When New Life Home Trust — an orphanage in Nairobi caring for around 80 infants and small children — needed more than a basic well or a chlorine solution, OneChild reached out to Healing Waters. Their borehole, drilled by Water for the World, provided water, but it wasn’t safe for some of the most vulnerable children imaginable. What they needed was a more advanced purification approach, one built to meet a difficult challenge.
This is where Healing Waters is often called upon: stepping into situations where simple filtration won’t work, where there is challenging water contaminants, or where infants and immunocompromised children require an even higher standard of safety. And in this case, Healing Water’s Research and Development Engineer, Dr. Jacob took the lead.

Designing a System Built for Babies
Months before the trip, Jacob engineered the full treatment system from Colorado — selecting components, planning flow rates, and creating a solution tailored specifically for the quality of the water coming out of the borehole. It had to be reliable, durable, and gentle enough for the youngest children. Once the design was complete, he and Hana prepared to deploy it directly on-site.
For Hana, who had been to many program locations but never taken part this deeply in an installation, the experience brought a new appreciation for what this work demands.
“You need such a mix of disciplines,” she shared. “Electrical work, structural decisions, figuring out how to mount and stabilize everything — there’s always some surprise you can’t plan for until you’re standing right there.”

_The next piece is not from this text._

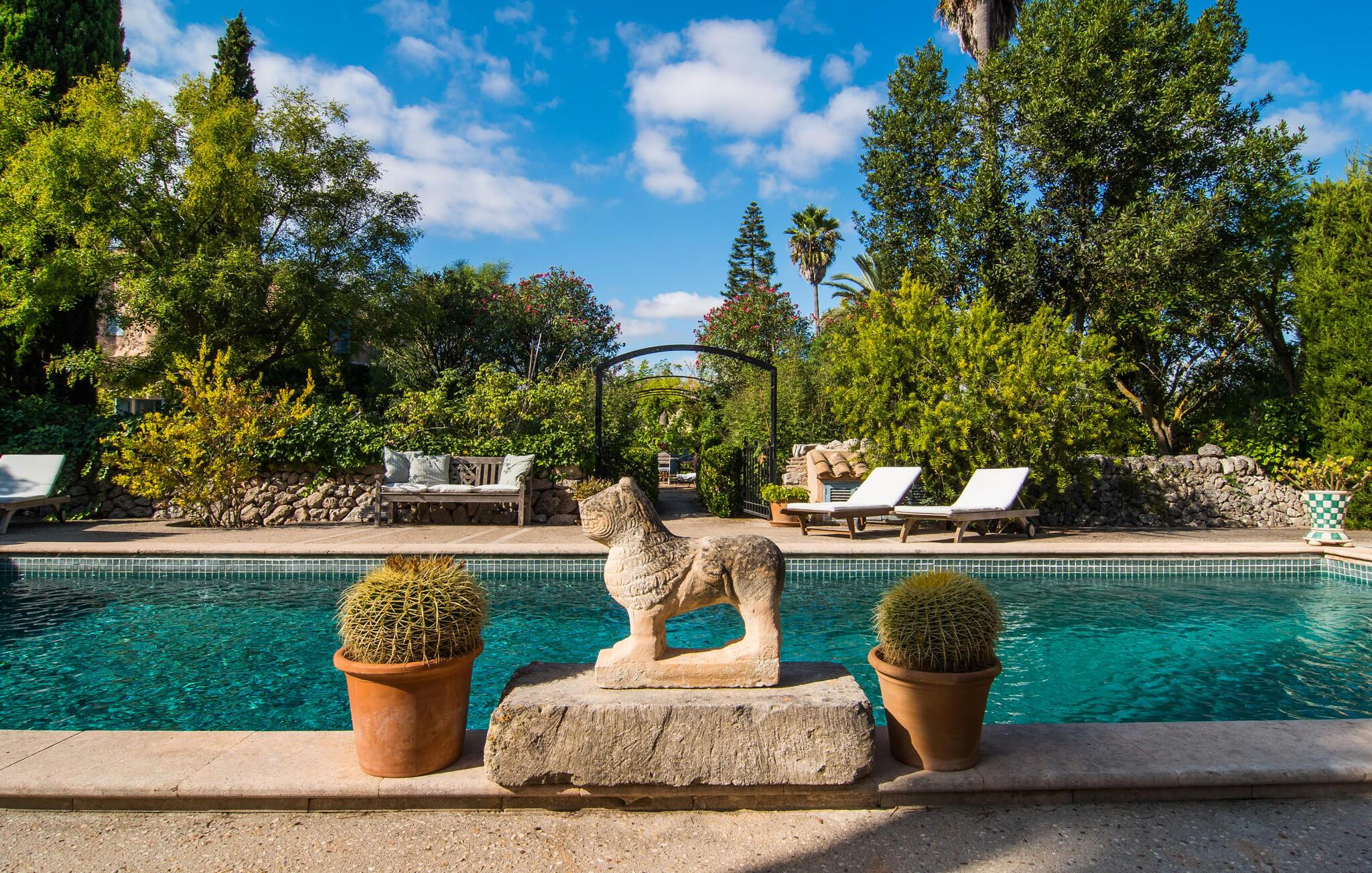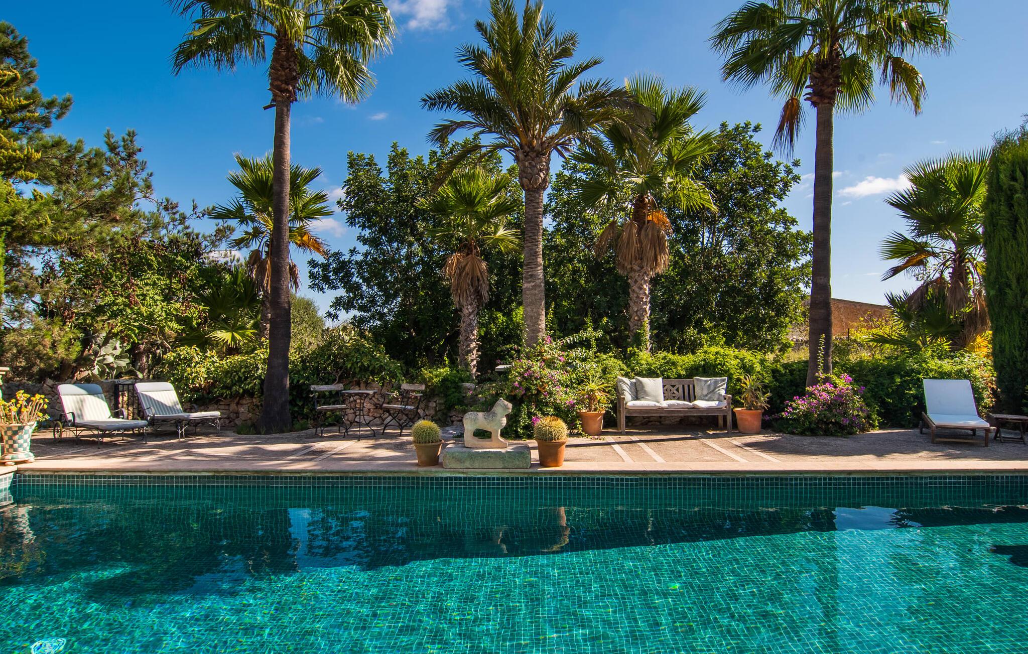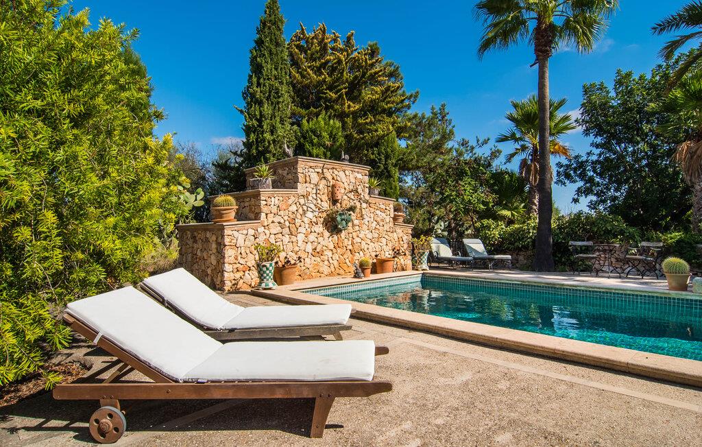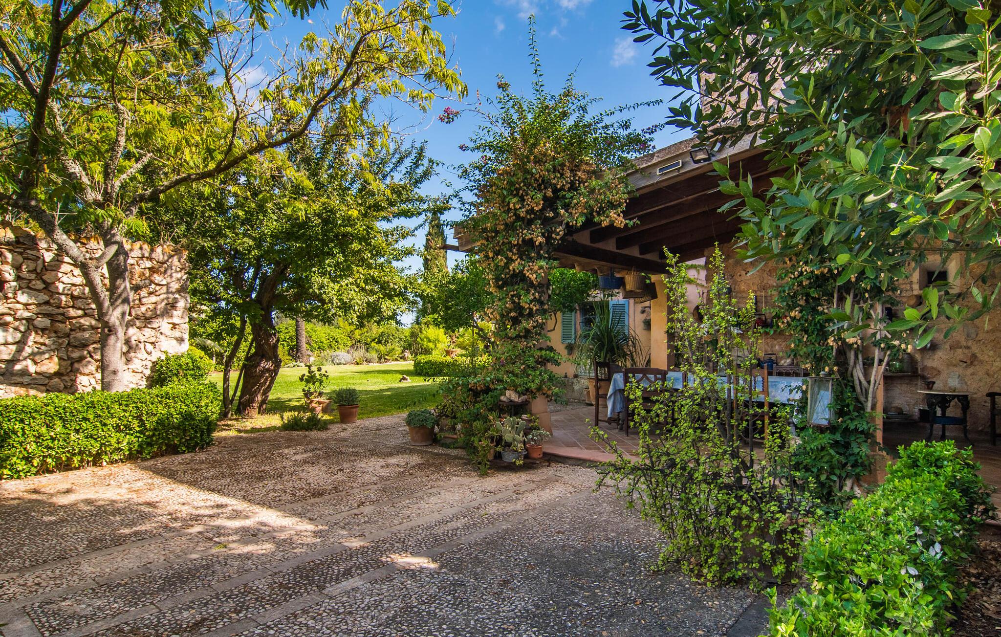 “La Calderera” er et sandt modelobjekt og samtidig så charmerende og magisk, at I simpelthen kan føle jer hjemme her. Det er da ikke så mærkeligt, at dette ubeskriveligt smukke landsted allerede er set i "Schöner Wohnen" og "Casa y Campo". Alene området udenfor er uvirkeligt. Det kunstneriske havedesign består af en tilsyneladende tilfældig kombination af enorme palmer, cypresser, oliven- og frugttræer, samt frodige blomstrende og sukkulente planter, spredt ud over store grunde. Brostensvægge og naturstensterrasser fremstår nærmest, som om de var vokset naturligt og slet ikke var designet. Siddepladser er anlagt som skjulte skatte: overdækkede terrasser foran og bag huset; en afslappet lounge i haven; og en pergola dekoreret med søde lilla blomster og et opholdsområde, der fører til poolområdet nær huset. Selve poolen, dekoreret med turkis mosaiksten, er omgivet af en solterrasse med liggestole, smukke bænke og en smuk samling af cafetilbehør med et overdækket område. Læsning af en bog, en kølig drink i skyggen, en hyggelig snak med vennerne, en godnatdrink efter en livlig grillaften i det overdækkede udekøkken med praktisk grill og indbydende spiseplads - her finder I jeres yndlingssted til alle jeres ferieaktiviteter , fordi "La Calderera" har et virkelig udsøgt udvalg. Den nutidige økologiske orientering, som afspejles både i forsyningen af solenergi og i tilstedeværelsen af dens egen vandbrønd, bør ikke forblive unævnt. Interiøret i dette smagfuldt indrettede landsted, som vi varmt anbefaler, er lige så privat, men personligt som haven. Både ude og inde er det de kærlige små detaljer, der sørger for, at besøgende hurtigt kan slappe af. Disse detaljer er så tilfældige, at de virker næsten slående, og alligevel skaber en helt igennem sammenhængende og harmonisk effekt. Dette er kunsten af fantastisk indretning; Naturligheden og tilbageholdenheden i finishen, perfekt afstemt til øen, giver villaen en vidunderlig karisma. Traditionelt kunsthåndværk i form af antikviteter, landlige artefakter, typisk keramik og neo-barokke møbler er omhyggeligt kombineret med strejf af vintage og landlig stil, hvilket resulterer i et tidløst design, der vil holde i århundreder. Den rummelige opholdsstue i brostenshuset med sine azurblå skodder strækker sig over to etager. På underetagen finder I den hyggelige stue med pejs, rundet af et flygel. Og et hyggeligt tv-hjørne skulle selvfølgelig ikke mangle. Det tilstødende værelse med udgang til en af terrasserne er et virkelig fortryllende, fuldt udstyret køkken i landlig stil i himmelblå, dygtigt kombineret med møbler i naturtræ. To badeværelser (et en-suite til naboværelset) er placeret i stueetagen, mens det tredje er på første sal, sammen med de tre hyggelige soveværelser, hvoraf det ene har to enkeltsenge. Efter en afslappende søvn begynder dagen med en ubekymret morgenmad og planlægning af jeres dag. Et ophold i haven eller poolen på "La Calderera" er bestemt en fantastisk måde at slappe af på. Men de omkringliggende feriesteder er også en attraktiv mulighed, da ejendommen ligger tæt på en landevej, der betjener den sydlige del af øen. Selve vejen kan nogle gange høres afhængigt af vindretningen. Felanitx og Manacor kan nås på meget kort tid. Dette er det perfekte sted, ikke kun for shopping, men også for kulturelle udflugter. Eller måske gå en tur til klosteret Sant Salvador, der ligger på et bjerg nær Felanitx og et af øens vartegn. Selvom poolen er betagende, som alt andet, vil de såkaldte Calas de Mallorca forbløffe jer med deres til tider forrevne klippeformationer og fine sandstrande, der er perfekte til svømning. Den udsøgte skønhed ved Villa "La Calderera" med dens haveoase byder på et muntert udvalg af siddepladser og et smukt poolområde. Det ekstraordinære feriehus ligger lige nord for Felanitx i et landligt område. Der er både butikker og marked søndag morgen - en god måde at starte dagen på. De utrolige strande mod øst, herunder ufattelige naturlige strande som Cala Varques, er let tilgængelige med bil.

Training Local Operators to Own the System
As Jacob and Hana began the installation, they also set out to train the orphanage’s operators — individuals who normally serve as groundskeepers and caretakers. Despite having no background in water purification, they picked up the system with surprising speed.
“They were eager,” Hana said. “They understood the responsibility — they would be the ones ensuring safe water for the babies.”
Jacob experienced something he’s seen in other countries as well: real ownership.
“Sometimes they’d push me aside and say, ‘Let me do it,’” he laughed. “As an engineer, it’s hard to watch someone else run your system, but it’s exactly what you want — confidence, pride, and the ability to keep things running long after you fly home.”
A System That Arrived Just in Time
Only days after the installation was complete, messages from the New Life Home Trust staff arrived — each one carrying a reminder of why this work matters.
“Today we rescued an 11-day-old baby girl… she arrived at a time when we finally have safe water — something that will directly impact her care from the beginning.”
Yvonne, New Life Home Trust
Soon after came another note:
“We rescued a 3-week-old baby boy… thanks to you and Hana, he arrived at a time when we can give him clean, safe water from his very first days.”
Yvonne, New Life Home Trust

The staff chose to name the two rescued infants in honor of Jacob and Hana — a deeply personal gesture that spoke to the impact the Healing Waters team had on the orphanage. It was their way of honoring the gift these children now had from their very first days: the simple but life-changing security of safe water.
A Small Project With Impact Beyond Its Size
This project demonstrated what Healing Waters is uniquely positioned to do: step into complex, difficult purification challenges where the solution needs more than a basic approach.
It equipped local operators with new skills and real ownership.
And most of all, it ensured that the smallest, most fragile children in this orphanage now have safe water to drink, bathe in, and grow with — from their very first days of life.
Sometimes the impact of a system like this shows up in data and flow rates.
And sometimes it shows up in the name of a newborn who will grow up nourished by safe water living reminders of what goodness and grace can look like when safe water reaches those who need it most.